Start of Block
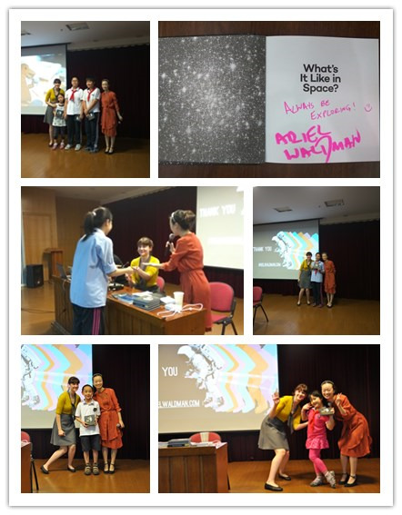 ?在签名赠书环节,我们的小小创客们踊跃提问,积极发言,与Ariel进行了互动讨论。“如果带一只母鸡进太空会怎么样?母鸡还会下蛋吗?”“宇航员在太空最喜欢的食物是什么?”各种奇思妙想的问题,不仅展现了自身良好的科学素养和不断进取的好奇心,同时也体现了静安青少年的风采。
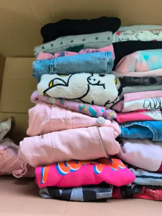 Lote de ropa para niña de 8 años. - Variedad de prendas dobladas. - Incluye 6 vestidos 1 pijama 1 chaqueta rosa vaquera 1 chaqueta cuero rosa 2 faldas 2 vaqueros 4 sudaderas 5 camisetas de manga larga - Tonos rosas, negros y grises.
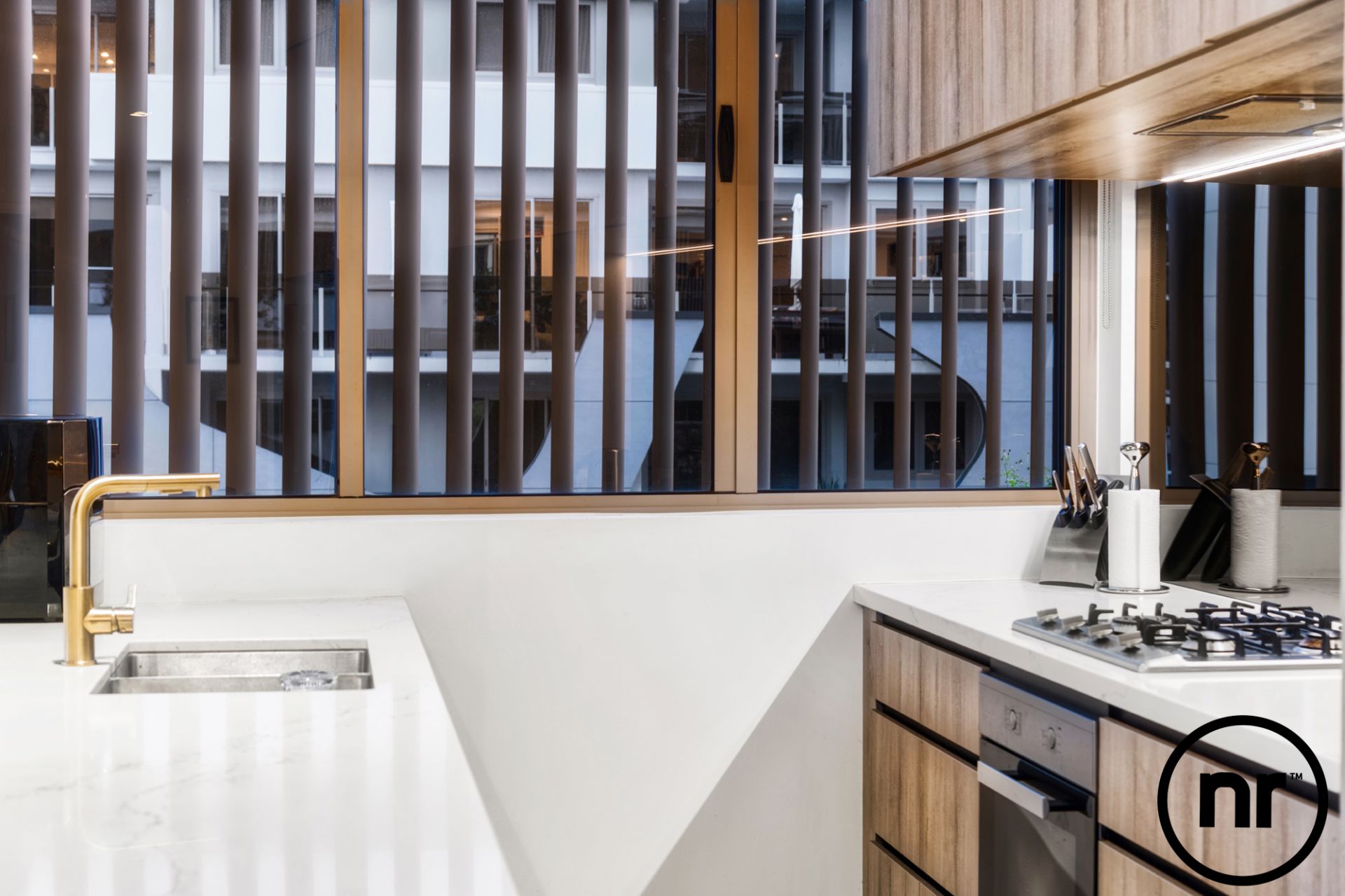 Walking down the entrance hallway and turning left, you’ll be instantly mesmerised by the expansive space under which several features sparkle. Acting as the centrepiece of the open-plan layout, a large penthouse sized white stone benchtop, upgraded Miele appliances, gas cooktops and gold tapware in the kitchen evoke opulence. Overlooking a wraparound winter garden, which is accessible via dual sliding doors, immerse yourself in a cohesive indoor and outdoor space.
End of Block
◆ **YOUR ASSIGNMENT**
Write out each line of the data above exactly, starting at the top and finishing with the line containing "Lote de ropa"; omit the pictures.

◆ **ANSWER FOR THIS EXERCISE**
 ?在签名赠书环节,我们的小小创客们踊跃提问,积极发言,与Ariel进行了互动讨论。“如果带一只母鸡进太空会怎么样?母鸡还会下蛋吗?”“宇航员在太空最喜欢的食物是什么?”各种奇思妙想的问题,不仅展现了自身良好的科学素养和不断进取的好奇心,同时也体现了静安青少年的风采。
 Lote de ropa para niña de 8 años. - Variedad de prendas dobladas. - Incluye 6 vestidos 1 pijama 1 chaqueta rosa vaquera 1 chaqueta cuero rosa 2 faldas 2 vaqueros 4 sudaderas 5 camisetas de manga larga - Tonos rosas, negros y grises.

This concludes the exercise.